Unique determination of cost functions in a multipopulation mean field game model
Kui Ren, Nathan Soedjak, Kewei Wang
TL;DR
This work addresses the inverse problem of uniquely determining running costs $\mathbf F$ and terminal costs $\mathbf G$ in a multipopulation mean field game. It develops a multilinearization framework based on a holomorphic dependence of the forward solution on initial data to reduce the nonlinear inverse problem to a sequence of linearized problems and to compare Taylor coefficients. The authors prove uniqueness for both multipopulation data and, under two structured cost-function classes, single-population data, with substantial use of orthogonality relations recovered from adjoint-type testing and Fourier analysis.
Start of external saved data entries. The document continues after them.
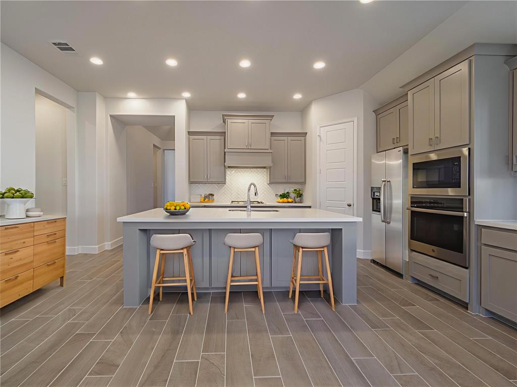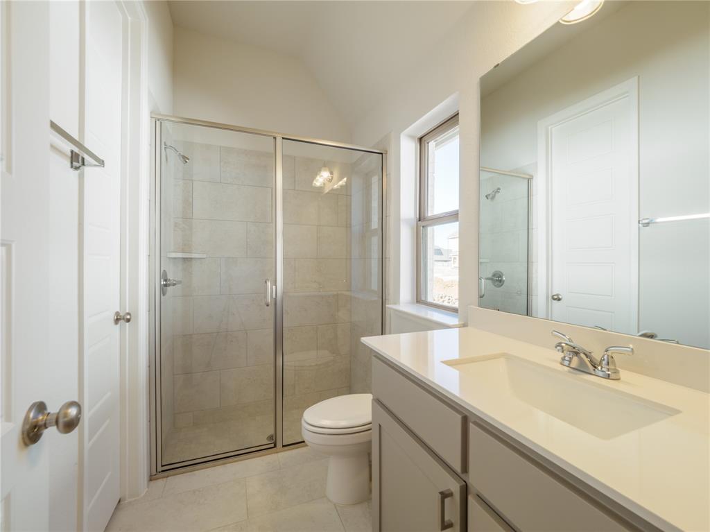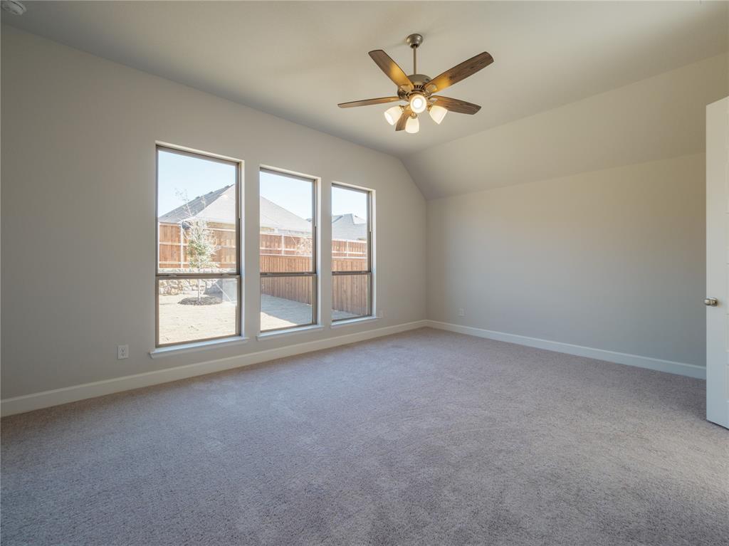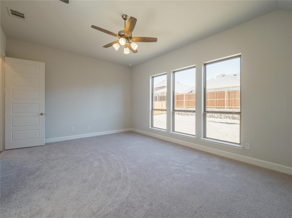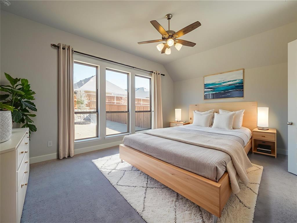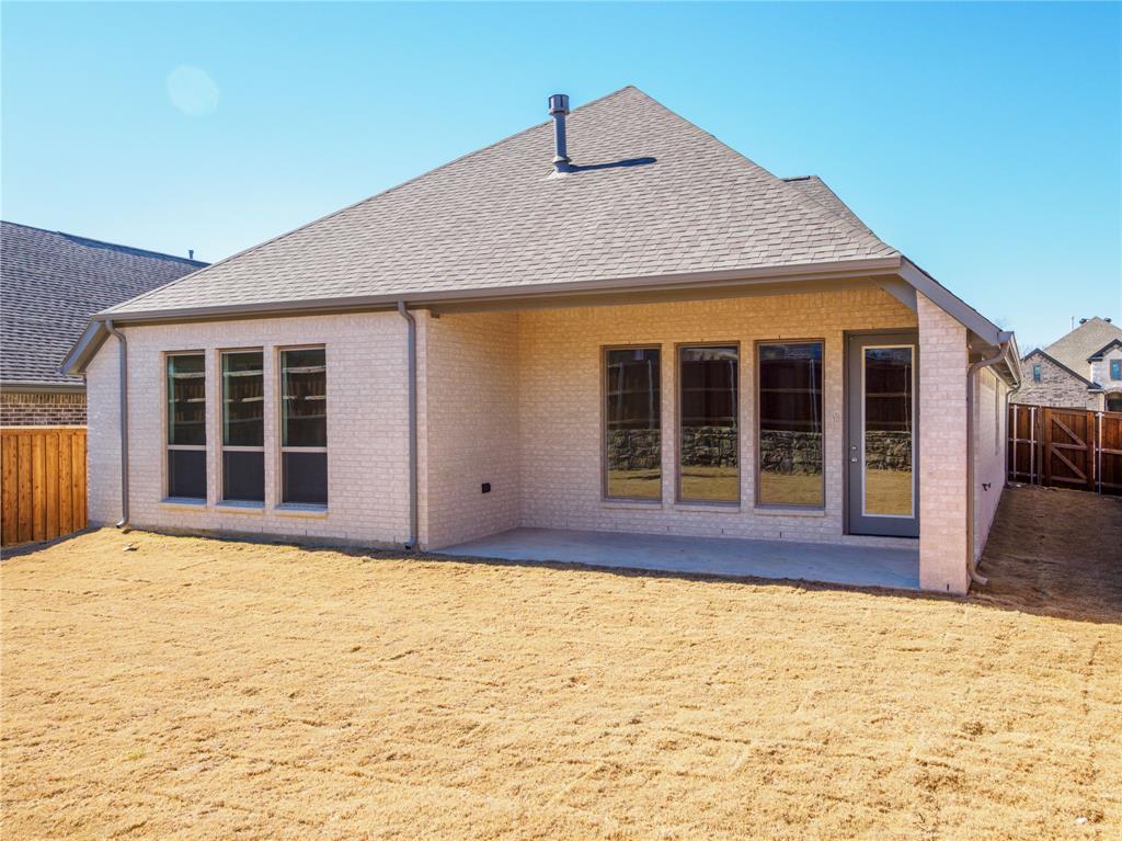 Step inside this stunning Perry Home, where an extended entry with a 12-foot coffered ceiling sets the stage for elegance and comfort. This 2,357-square-foot, single-story home features four spacious bedrooms, including a private guest suite with its own full bath, and three full baths. The living room, with a beautiful wall of windows and a cozy fireplace, flows seamlessly into the open kitchen and dining area. The kitchen is a chef's dream with built-in seating, a walk-in pantry, and plenty of counter space for all your culinary adventures. The primary suite is a true retreat, boasting a spa-like bath with dual vanities, a separate garden tub and glass-enclosed shower, and two walk-in closets. All bedrooms in this home are thoughtfully designed with walk-in closets, providing ample storage for everyone. Enjoy the Texas evenings on your private, covered backyard patio. The home also includes a two-car garage with a mudroom entry, and is pre-wired with a smart home system for modern convenience. Located in the Prairie Oaks Ph 1b subdivision, this home is zoned for Denton ISD schools.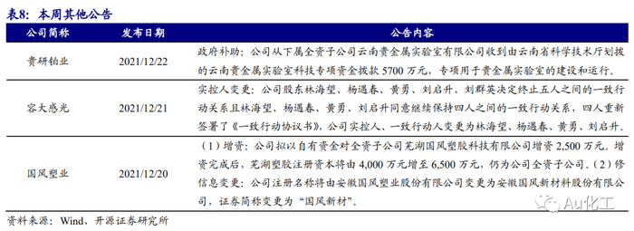 重要公司公告及行业资讯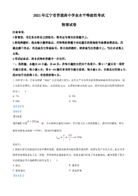 精品解析:2021年辽宁省普通高中学业水平选择性考试物理试题(辽宁卷)(解析版).docx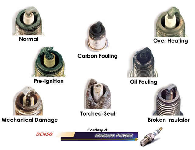 ภาพหัวเทียนที่ชำรุดจากหลายสาเหตุ

The results illuminate when cost-function recovery is possible from limited observations and lay groundwork for extending these ideas to more general domains and coupling structures, with implications for parameter identification in large-scale interacting-population models.
Abstract
This paper studies an inverse problem for a multipopulation mean field game (MFG) system where the objective is to reconstruct the running and terminal cost functions of the system that couples the dynamics of different populations. We derive uniqueness results for the inverse problem with different types of available data. In particular, we show that it is possible to uniquely reconstruct some simplified forms of the cost functions from data measured only on a single population component under mild additional assumptions on the coupling mechanism. The proofs are based on the standard multilinearization technique that allows us to reduce the inverse problems into simplified forms.